**WHAT YOU WILL DO**
Extract the whole listing as it stands. Do not include the pictures.

**COLLECTED DATA**
-*-
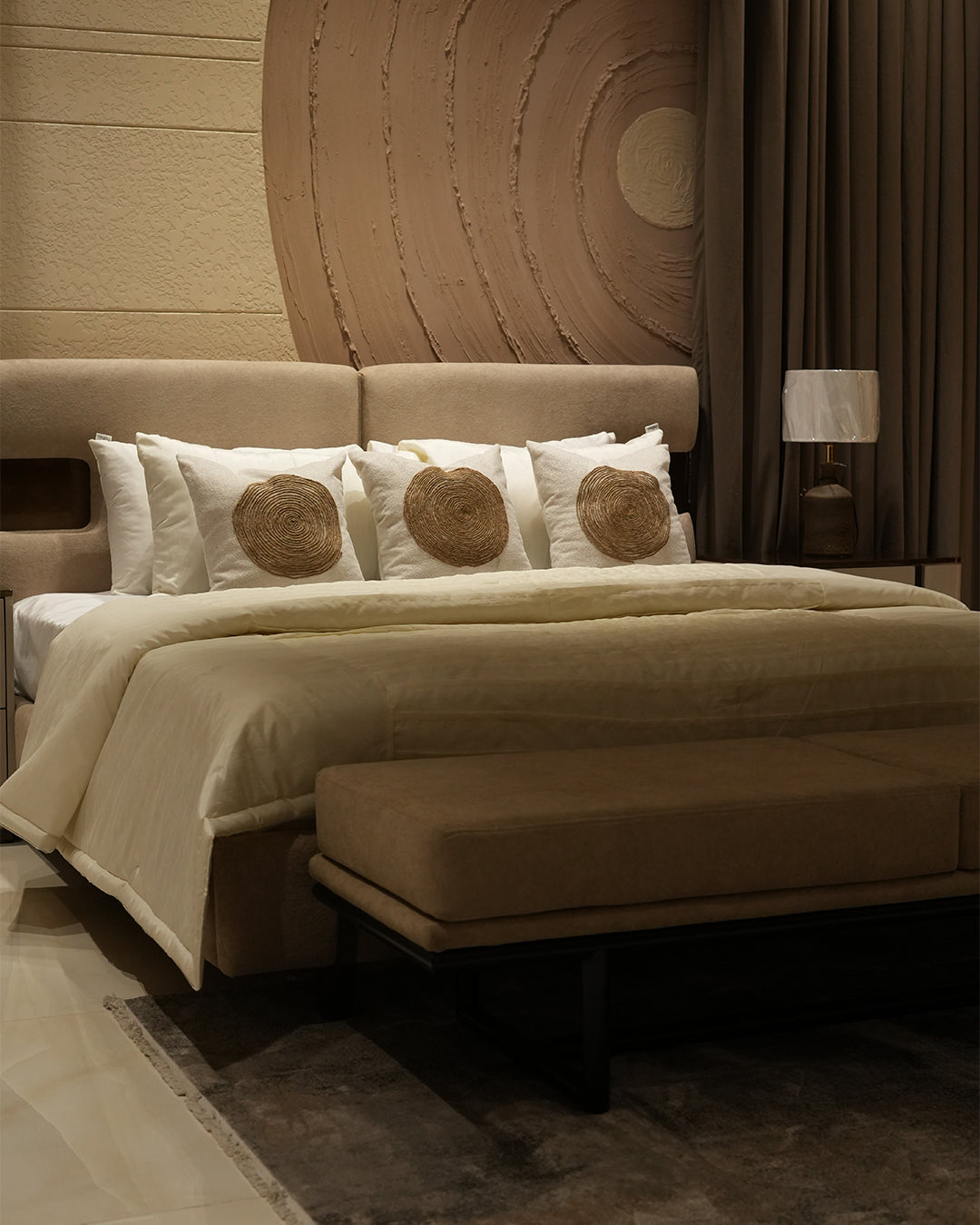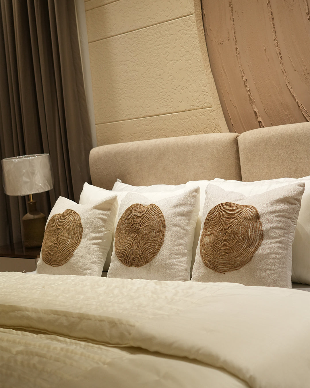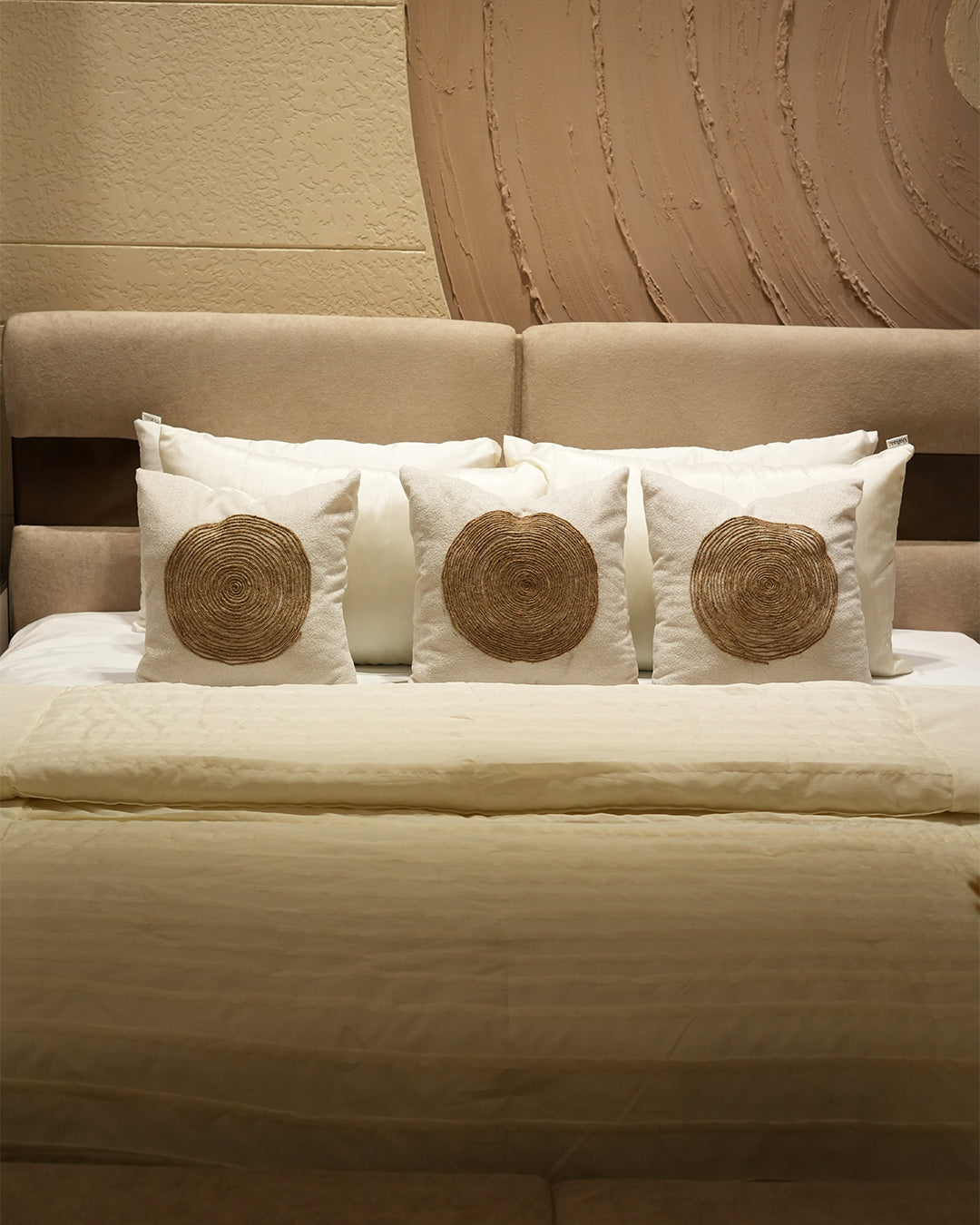Elevate your bedroom with this exquisite 9-piece comforter set, featuring elegant swirl patterns in soothing beige and off-white tones. Each piece is meticulously handcrafted, bringing artisanal quality and refined aesthetics to your space. The thoughtfully designed cushions showcase intricate swirl detailing that adds visual depth and sophistication. Perfect for those who appreciate handmade craftsmanship and timeless elegance.
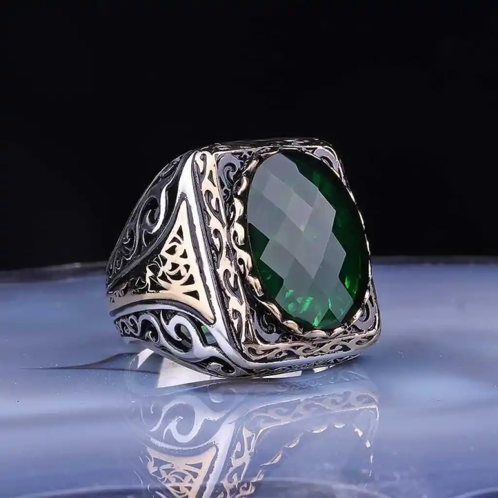 Gümüş Fasetli Yeşil Taşlı Kare Erkek Yüzük
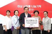 (시사미래신문) 지난 3일, 청정하남시니어협회(청시회)는 성금 100만원을 하남시에 전달하고 기탁식을 가졌다. 이날 기탁식에는 이현재 하남시장을 비롯해 박규섭 회장 등 관계자들이 참석하여 자리를 빛냈다. 박규섭 회장은 “추석 명절을 맞아 소외된 이웃들에게 정을 나누고, 조금이나마 도움이 되길 바라며 경제적으로 어려운 시기를 잘 극복해 나갔으면 한다”고 말했다. 이현재 하남시장은“ 따뜻한 마음을 나눠주시는 청정하남시니어협회에 깊이 감사드리며 기탁해 주신 성금은 관내 어려운 이웃에게 소중히 전달하겠다”고 전했다. 이날 기탁된 성금은 관내 취약계층에게 배부될 예정이다.
-*-
**ANSWER TO THE EXERCISE**
Elevate your bedroom with this exquisite 9-piece comforter set, featuring elegant swirl patterns in soothing beige and off-white tones. Each piece is meticulously handcrafted, bringing artisanal quality and refined aesthetics to your space. The thoughtfully designed cushions showcase intricate swirl detailing that adds visual depth and sophistication. Perfect for those who appreciate handmade craftsmanship and timeless elegance.
 Gümüş Fasetli Yeşil Taşlı Kare Erkek Yüzük
 (시사미래신문) 지난 3일, 청정하남시니어협회(청시회)는 성금 100만원을 하남시에 전달하고 기탁식을 가졌다. 이날 기탁식에는 이현재 하남시장을 비롯해 박규섭 회장 등 관계자들이 참석하여 자리를 빛냈다. 박규섭 회장은 “추석 명절을 맞아 소외된 이웃들에게 정을 나누고, 조금이나마 도움이 되길 바라며 경제적으로 어려운 시기를 잘 극복해 나갔으면 한다”고 말했다. 이현재 하남시장은“ 따뜻한 마음을 나눠주시는 청정하남시니어협회에 깊이 감사드리며 기탁해 주신 성금은 관내 어려운 이웃에게 소중히 전달하겠다”고 전했다. 이날 기탁된 성금은 관내 취약계층에게 배부될 예정이다.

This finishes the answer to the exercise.